I was written up in July of 2019 for a NCNS. A few months later I was written up again for a NCNS and given a final warning. More than a year has passed since the first CCA but it still shows in Workday under my disciplinary actions tab. I thought write ups were supposed to disappear from your profile after the time has passed? My final is up in less than a month. I was thinking it hasn’t disappeared yet maybe because my final isn’t over yet. Do these write ups ever disappear from your profile? Can future employers get your workday records if you signed a form allowing them to check your employment records? Or is it just word of mouth from your HR/Leader? Any input is greatly appreciated, I don’t want it to show up on any of my background investigations for future employers.


----------



## MrT (Jan 7, 2021)

Target wont give out any information except confirm that you worked there


----------



## Targetworker59 (Jan 7, 2021)

Do they get removed from workday after the date they expire?


----------



## Style2563 (Jan 8, 2021)

My final from like 3 years ago still shows on workday. It has an expired date.


----------



## Fluttervale (Jan 8, 2021)

Targetworker59 said:


> Do they get removed from workday after the date they expire?

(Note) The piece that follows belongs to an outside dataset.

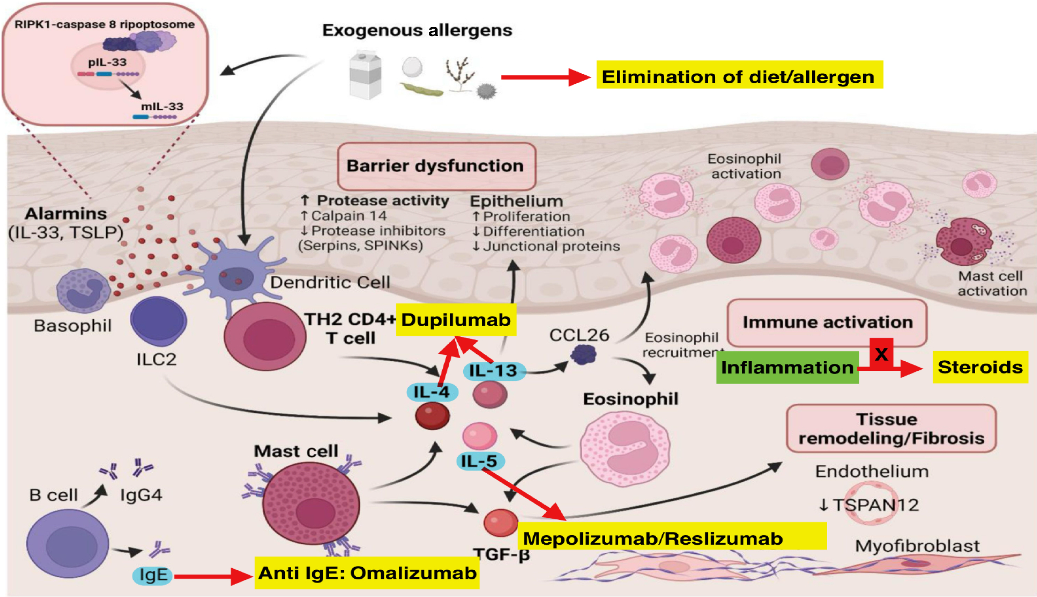Food and aeroallergens act as triggers. Altered epithelial integrity helps increase antigen exposure to antigen-presenting cells that starts a type 2 helper T cell-mediated inflammatory cascade. This causes tissue inflammation and damage. Activation of transforming growth factor-beta leads to fibrosis and tissue remodeling. Various group of drugs have been depicted, targeting specific target molecules along the proinflammatory cascade. CCL26: Chemokine (C-C motif) ligand 26; Ig: Immunoglobulin; IL: Interleukin; ILC2: Innate lymphoid cell 2; TGF-β: Transforming growth factor beta; TSLP: Thymic stromal lymphopoietin; TSPAN: Tetraspanin; pIL-33: Plasmin interleukin 33; mIL-33: Murine interleukin 33; RIPK1: Receptor interacting serine/threonine protein kinase 1; SPINK: Serine protease inhibitor Kazal; TH2: T helper 2; CD4: Cluster of differentiation 4.
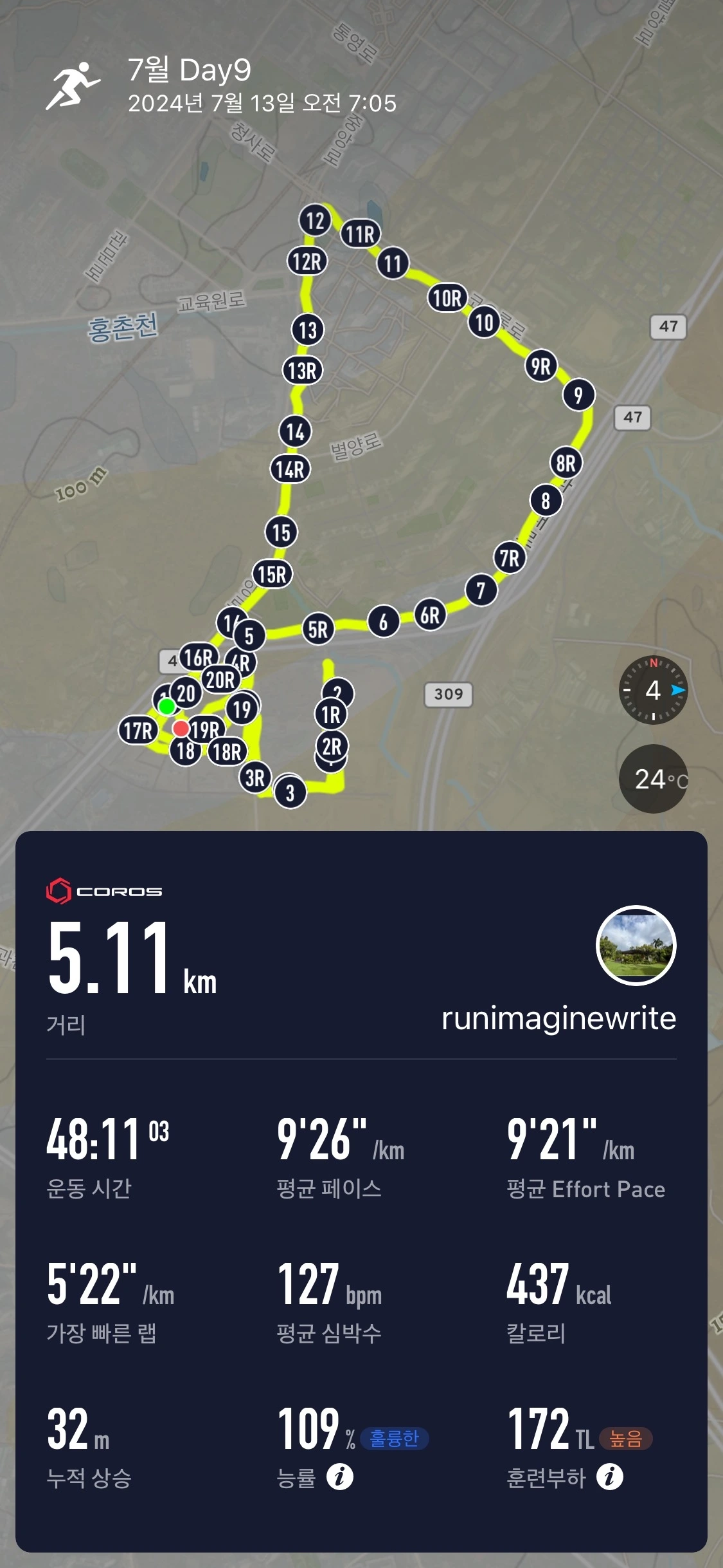오전부터 외부 일정이 있는 날이기에, 토요일이지만 가볍게 5km 정도만 달렸습니다. 내일도 있으니까요! :)

They don't "go away."  However, if you show consistent improvement the consequences start back at zero.

So if you're on a final, you are no longer on any discipline track after one year.  Anogher NCNS does not result in a term, but you can be put back on notice.

A history of being on a final can affect your chances of being promoted, especially if you are always on a final but never get termed.


----------